Elles peuvent être déférées dans les mêmes conditions lorsqu’elles statuent sur une exception de procédure, sur un incident mettant fin à l’instance, sur une fin de non-recevoir ou sur la caducité de l’appel.
Le délai de quinze jours mentionné à l’article 916 du code de procédure civile court à compter de la date à laquelle est rendue l’ordonnance du conseiller de la mise en état, ce jour comptant dans le délai.
Cette disposition poursuit un but légitime de célérité de traitement des incidents affectant l’instance d’appel, en vue du jugement de celui-ci dans un délai raisonnable. En effet, la requête en déféré est un acte de procédure d’appel qui s’inscrit dans le déroulement de cette procédure et n’ouvre pas une instance autonome.

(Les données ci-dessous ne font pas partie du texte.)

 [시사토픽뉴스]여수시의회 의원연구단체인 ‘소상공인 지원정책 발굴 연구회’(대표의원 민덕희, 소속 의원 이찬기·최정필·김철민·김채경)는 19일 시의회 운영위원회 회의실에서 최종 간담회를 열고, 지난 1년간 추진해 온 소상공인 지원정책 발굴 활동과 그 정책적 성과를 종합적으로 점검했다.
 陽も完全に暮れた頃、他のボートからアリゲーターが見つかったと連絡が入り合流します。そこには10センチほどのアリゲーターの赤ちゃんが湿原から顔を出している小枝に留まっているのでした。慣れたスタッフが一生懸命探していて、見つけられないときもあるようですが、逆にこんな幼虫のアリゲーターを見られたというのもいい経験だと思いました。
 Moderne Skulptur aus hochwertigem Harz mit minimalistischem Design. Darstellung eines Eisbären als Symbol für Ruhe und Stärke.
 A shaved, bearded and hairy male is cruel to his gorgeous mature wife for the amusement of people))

L’irrecevabilité frappant le déféré formé au-delà de ce délai ne constitue pas une atteinte disproportionnée au droit d’accès au juge puisque les parties sont tenues de constituer avocat, professionnel avisé, en mesure d’accomplir les actes de la procédure d’appel, dont fait partie le déféré, dans les formes et délais requis par les dispositions expresses de l’article 916 du code de procédure civile. Dès lors, le moyen tiré du non respect du principe de sécurité juridique n’est pas opérant dans le cas d’espèce, les dispositions de l’article 641 du code de procédure civile n’ayant pas vocation à s’appliquer ici.

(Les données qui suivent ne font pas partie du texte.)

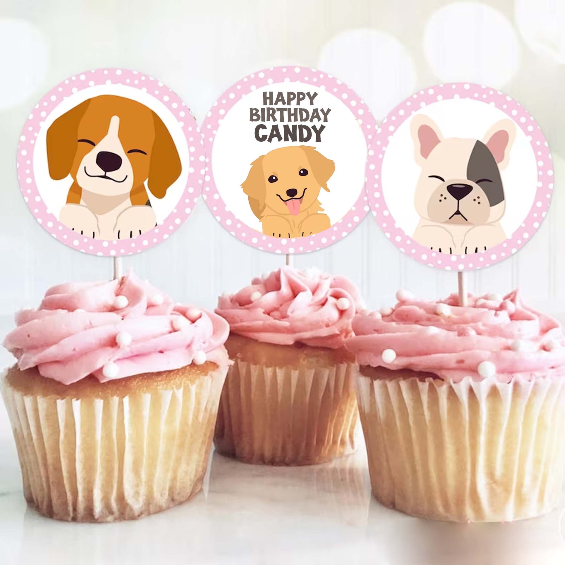 - Package Includes-12 Dog Theme Cupcake Toppers in 4 Different Designs. Sticks and glue dot included to assemble.
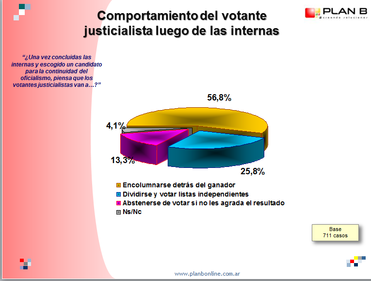 Según la consultora Plan B, el 60% de los encuestados votará en las elecciones del próximo 8 de marzo, en donde el sector del gobernador Luis Beder Herrera define quién será su candidato a sucederlo. Mientras que el 56% consideró que se deben encolumnar detrás del ganador de los comicios bederistas.
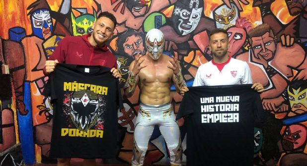 “El equipo de futbol @SevillaFC visitó las instalaciones de la Arena Coliseo de Guadalajara, donde realizaron un intercambio de playeras y máscaras con los luchadores del Consejo Mundial de Lucha Libre”, rescató la cuenta oficial del CMLL.
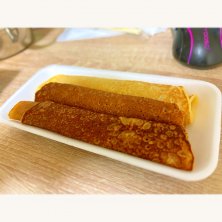 首里リュウボウの中にある、花ぐすく香華堂で、ちんぴんと、ぽーぽーを買いました。 ちんぴんは手前側の黒い黒糖味のクレープで、ぽーぽーは奥側にある油味噌が巻かれているクレープです。 ちんぴんは黒糖の優しくて濃く深い甘さが食べやすく美味しかったです。 対してぽーぽーは脂味噌の円味がしっかりと効いたおかずクレープでした。 これを食べるには牛乳が1番合うと思います。 沖縄の素朴な味、美味しかったです。
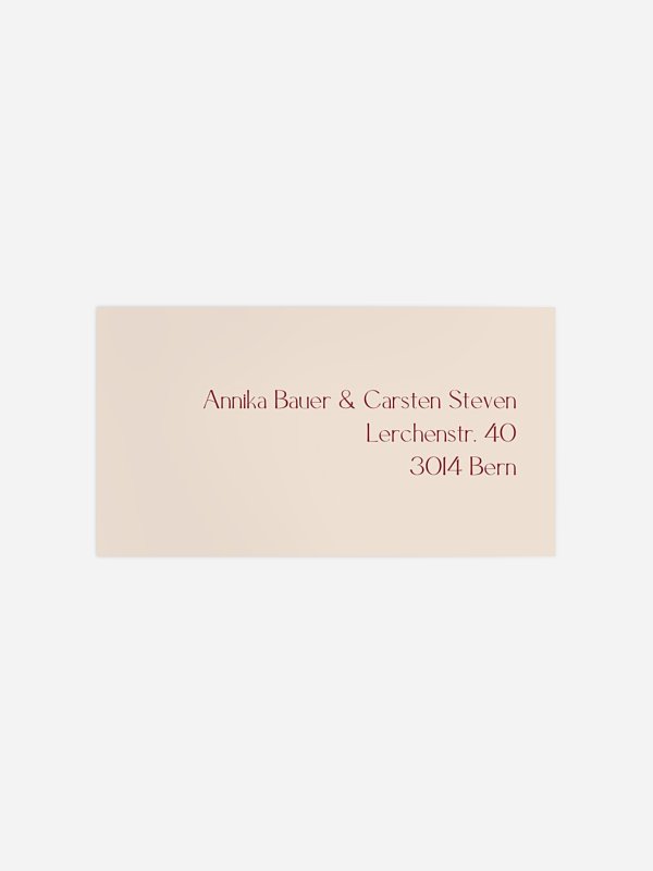Personalisieren Sie die selbstklebenden Empfängeraufkleber "Traumtag" mit den Adressen Ihrer Gäste und bringen Sie sie direkt auf den Umschlägen an – schnell, ordentlich und stilvoll.
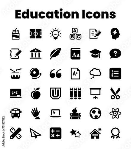 Set Black Solid Education Icons
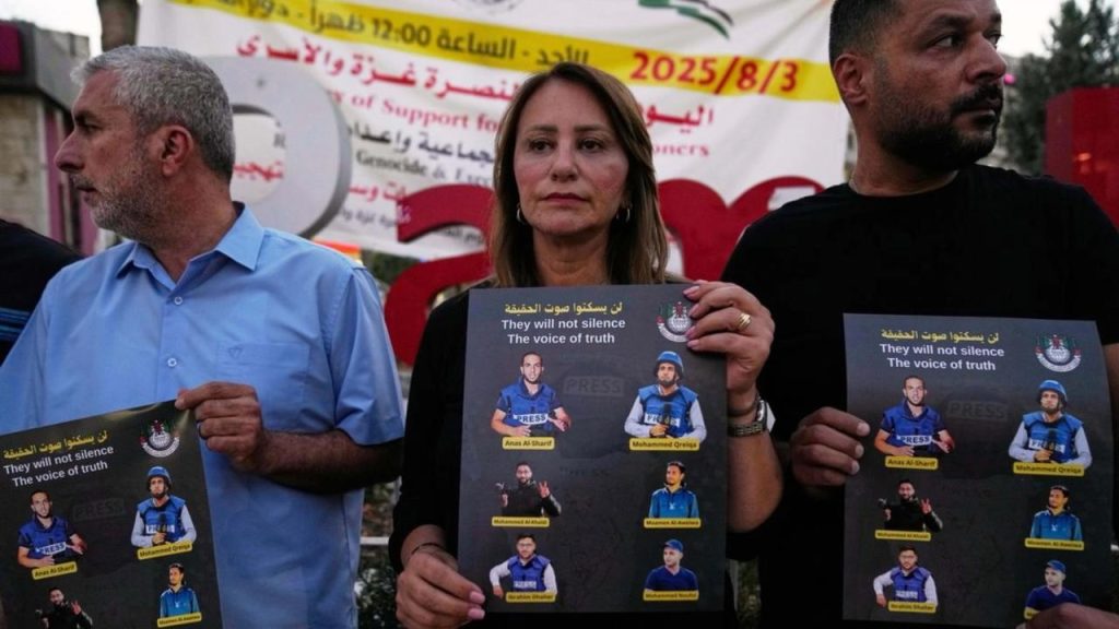 Gaza. El asesinato del destacado periodista de Al Jazeera, Anas al Sharif, junto con cuatro colegas en un ataque aéreo israelí el domingo, provocó la condena de la comunidad internacional. En el centro de la franja de Gaza, cientos de dolientes participaron en sus funerales.

En l’espèce M. [S] a formé sa requête en déféré à l’encontre de l’ordonnance du conseiller de la mise en état du 14 novembre 2024 par déclaration du 29 novembre 2024.

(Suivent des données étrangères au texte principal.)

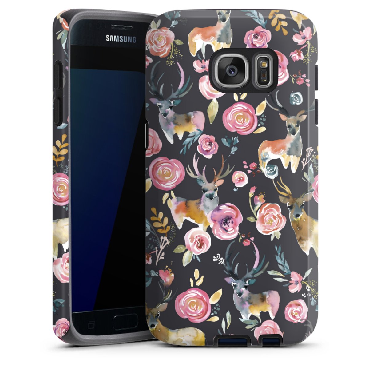 Bei dieser Handyhülle nutzen wird den besonders langlebigen Sublimationsdruck. Dieses raffinierte Druckverfahren sticht durch sein hochwertiges, gestochen scharfes Druckbild in brillanten Farben hervor. Der Druckbereich umfasst die ganze Hartschale inklusive der Ecken und Kanten, lediglich der Silikon-Einleger bleibt einfarbig schwarz. Wähle für Dein Design entweder eines unserer exklusiven Shop-Motive, oder werde kreativ und gestalte Dein Wunschdesign zum Beispiel mit Fotos und Overlays selbst.
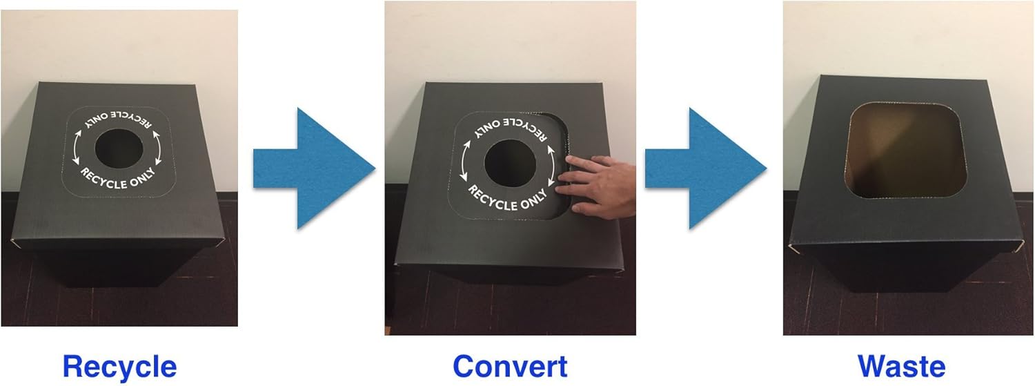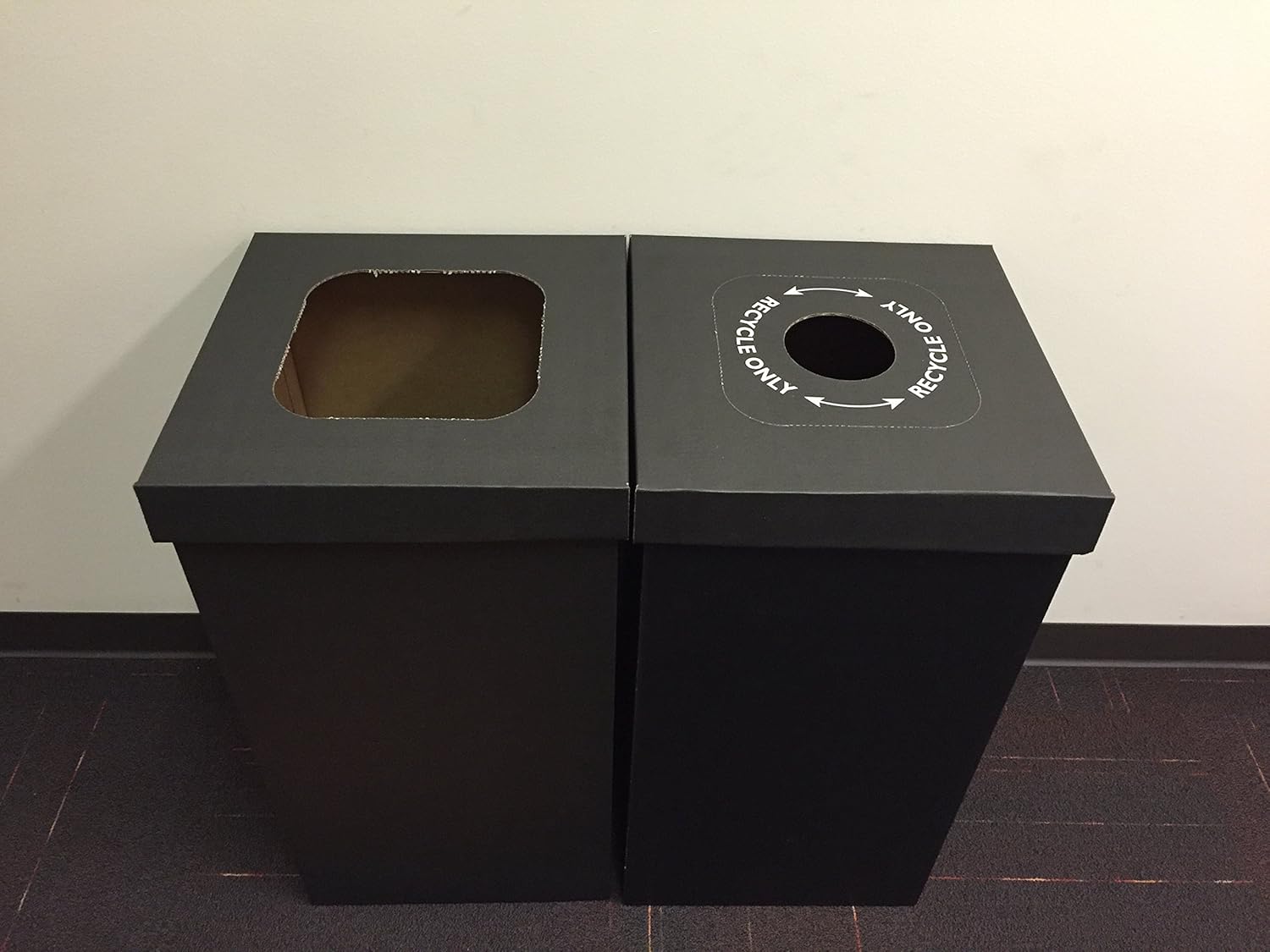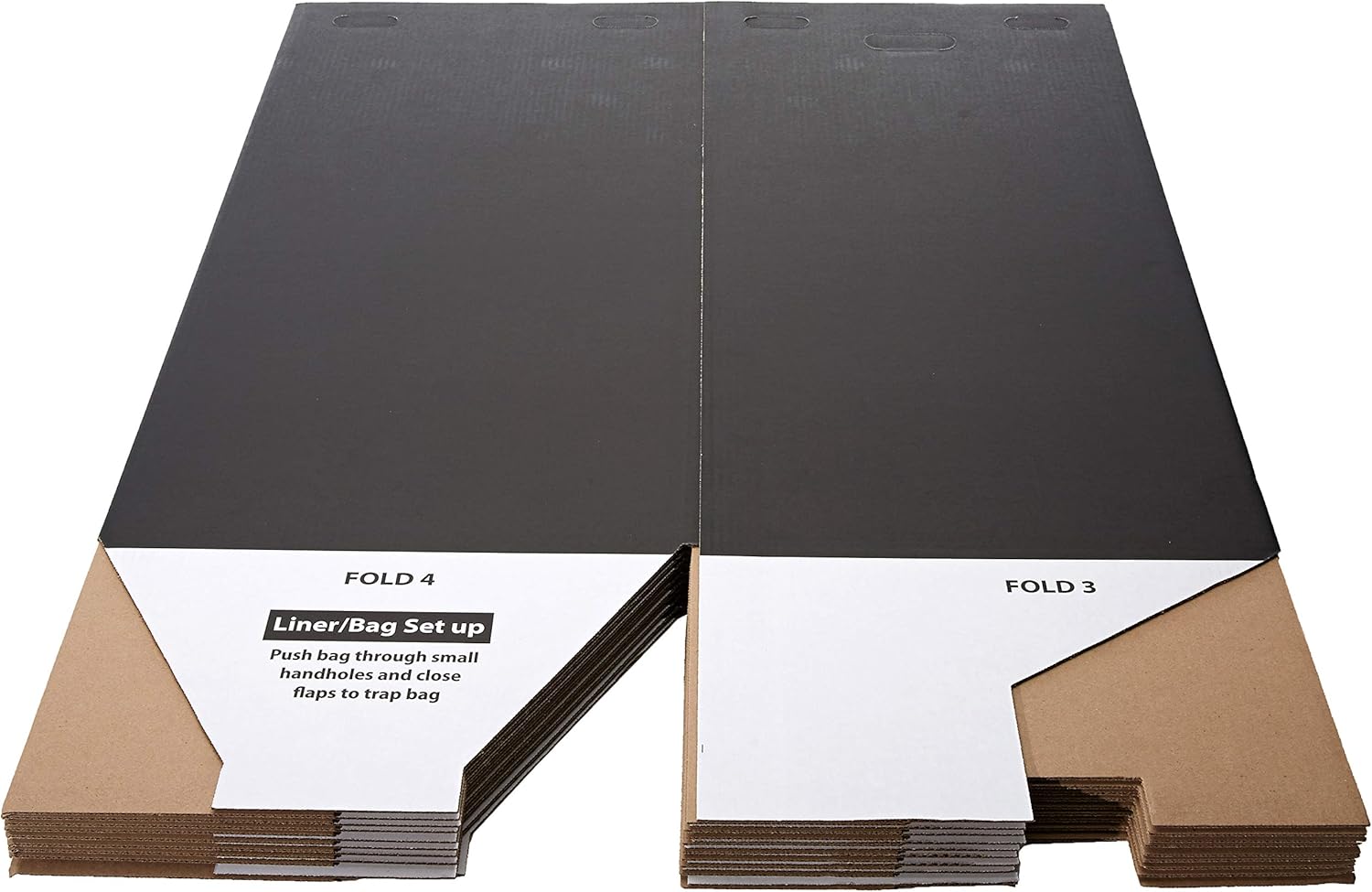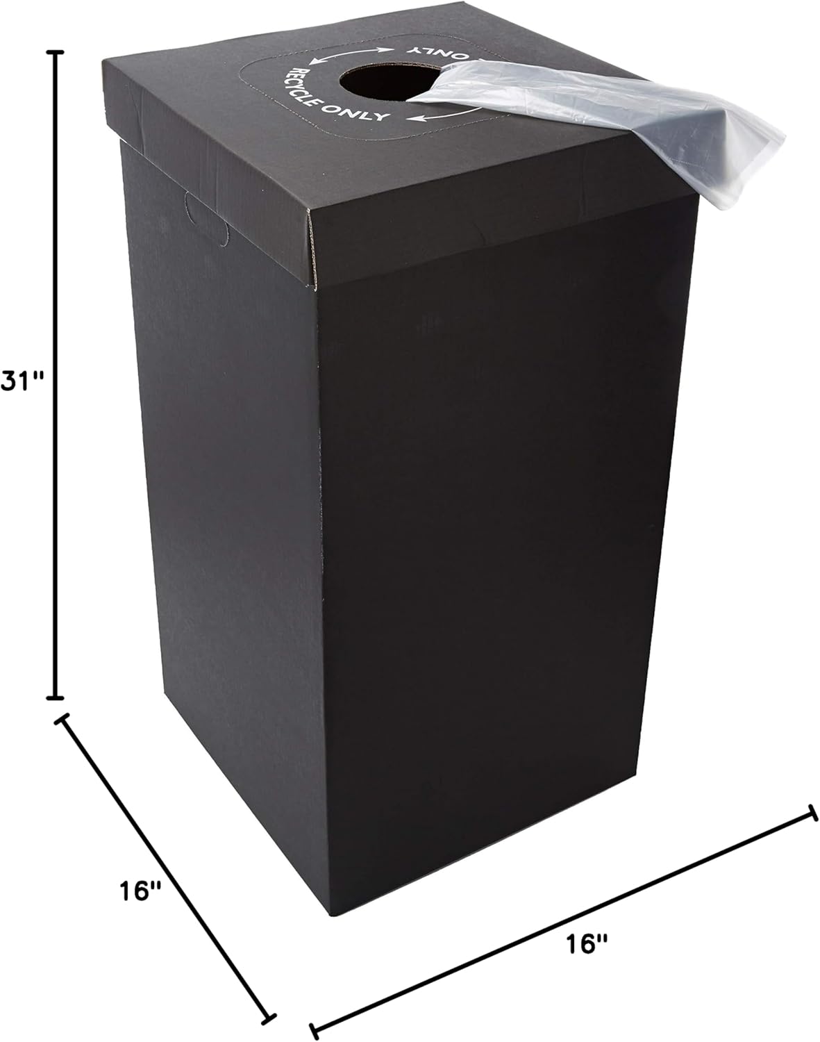 One Earth Disposable and Reusable Corrugated Cardboard Trash and Recycling Boxes: Bin + Lid + Trash Bag- Black (Qty. 10 Sets)

Le délai de quinze jours ayant commencé à courir le 14 novembre, jour de l’ordonnance, a expiré le 28 novembre 2024 à minuit et cette requête est irrecevable.
*dépens et article 700
Succombant à l’instance, le requérant est condamné à en supporter les dépens en application des dispositions de l’article 696 du code de procédure civile.
L’équité commande par ailleurs de le condamner à payer à la somme de 800 euros à l’intimée au titre des frais irrépétibles exposés par celle-ci sur le fondement de l’article 700 du code de procédure civile.
PAR CES MOTIFS
La cour,
Déclare irrecevable la requête en déféré formée le 29 novembre 2024 par M. [J] [S]
Y ajoutant,
Condamne M. [J] [S] aux dépens du déféré,
Le condamne à payer à Mme [D] [C] la somme de 800 euros par application des dispositions de l’article 700 du code de procédure civile.
Arrêt signé par la présidente et par la greffière.